(DATA SHOWN)

───

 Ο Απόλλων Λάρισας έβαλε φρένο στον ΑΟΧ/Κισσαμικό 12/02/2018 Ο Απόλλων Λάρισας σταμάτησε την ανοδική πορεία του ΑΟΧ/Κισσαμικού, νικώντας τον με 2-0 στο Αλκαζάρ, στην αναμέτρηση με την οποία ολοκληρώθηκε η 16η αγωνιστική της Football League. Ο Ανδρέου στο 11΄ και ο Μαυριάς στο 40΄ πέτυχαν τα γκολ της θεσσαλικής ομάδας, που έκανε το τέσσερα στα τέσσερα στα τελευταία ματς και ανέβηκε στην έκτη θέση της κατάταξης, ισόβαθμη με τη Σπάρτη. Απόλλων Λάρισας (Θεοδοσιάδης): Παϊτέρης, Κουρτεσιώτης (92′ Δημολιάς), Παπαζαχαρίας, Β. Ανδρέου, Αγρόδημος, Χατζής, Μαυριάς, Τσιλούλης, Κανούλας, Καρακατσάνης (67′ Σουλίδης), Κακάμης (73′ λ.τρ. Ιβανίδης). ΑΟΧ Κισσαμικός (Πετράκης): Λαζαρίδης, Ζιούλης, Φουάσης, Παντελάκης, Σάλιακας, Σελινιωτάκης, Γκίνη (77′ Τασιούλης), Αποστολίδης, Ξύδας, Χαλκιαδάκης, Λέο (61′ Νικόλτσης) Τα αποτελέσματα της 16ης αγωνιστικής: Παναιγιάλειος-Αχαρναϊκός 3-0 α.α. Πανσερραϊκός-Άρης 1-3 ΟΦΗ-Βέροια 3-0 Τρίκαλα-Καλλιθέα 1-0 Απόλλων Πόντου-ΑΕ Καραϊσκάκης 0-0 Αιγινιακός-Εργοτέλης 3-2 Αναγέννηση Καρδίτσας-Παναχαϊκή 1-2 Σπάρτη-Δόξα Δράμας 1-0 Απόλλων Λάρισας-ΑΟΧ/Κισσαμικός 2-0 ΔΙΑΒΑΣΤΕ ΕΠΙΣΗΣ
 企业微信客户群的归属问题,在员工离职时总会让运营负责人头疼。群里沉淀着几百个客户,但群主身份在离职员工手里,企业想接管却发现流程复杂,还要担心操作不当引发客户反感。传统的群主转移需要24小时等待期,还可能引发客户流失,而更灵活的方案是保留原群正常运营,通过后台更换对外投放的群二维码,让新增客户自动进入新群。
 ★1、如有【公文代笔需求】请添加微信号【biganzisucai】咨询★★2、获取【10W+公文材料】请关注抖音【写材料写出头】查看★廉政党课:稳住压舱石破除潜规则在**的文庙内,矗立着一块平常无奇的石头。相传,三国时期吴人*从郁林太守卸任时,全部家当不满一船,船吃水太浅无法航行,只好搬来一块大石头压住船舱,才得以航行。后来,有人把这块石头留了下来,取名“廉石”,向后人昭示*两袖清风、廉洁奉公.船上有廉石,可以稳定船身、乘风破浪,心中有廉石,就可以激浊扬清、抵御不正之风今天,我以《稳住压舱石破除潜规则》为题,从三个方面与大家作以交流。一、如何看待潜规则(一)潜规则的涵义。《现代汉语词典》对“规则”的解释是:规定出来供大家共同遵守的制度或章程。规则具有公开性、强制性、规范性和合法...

───

(ASSIGNMENT)
For this exercise, the answer is the lines from the one containing "企业微信客户群的归属问题,在" through the end of the listing above, reproduced exactly.

(ANSWER)
 企业微信客户群的归属问题,在员工离职时总会让运营负责人头疼。群里沉淀着几百个客户,但群主身份在离职员工手里,企业想接管却发现流程复杂,还要担心操作不当引发客户反感。传统的群主转移需要24小时等待期,还可能引发客户流失,而更灵活的方案是保留原群正常运营,通过后台更换对外投放的群二维码,让新增客户自动进入新群。
 ★1、如有【公文代笔需求】请添加微信号【biganzisucai】咨询★★2、获取【10W+公文材料】请关注抖音【写材料写出头】查看★廉政党课:稳住压舱石破除潜规则在**的文庙内,矗立着一块平常无奇的石头。相传,三国时期吴人*从郁林太守卸任时,全部家当不满一船,船吃水太浅无法航行,只好搬来一块大石头压住船舱,才得以航行。后来,有人把这块石头留了下来,取名“廉石”,向后人昭示*两袖清风、廉洁奉公.船上有廉石,可以稳定船身、乘风破浪,心中有廉石,就可以激浊扬清、抵御不正之风今天,我以《稳住压舱石破除潜规则》为题,从三个方面与大家作以交流。一、如何看待潜规则(一)潜规则的涵义。《现代汉语词典》对“规则”的解释是:规定出来供大家共同遵守的制度或章程。规则具有公开性、强制性、规范性和合法...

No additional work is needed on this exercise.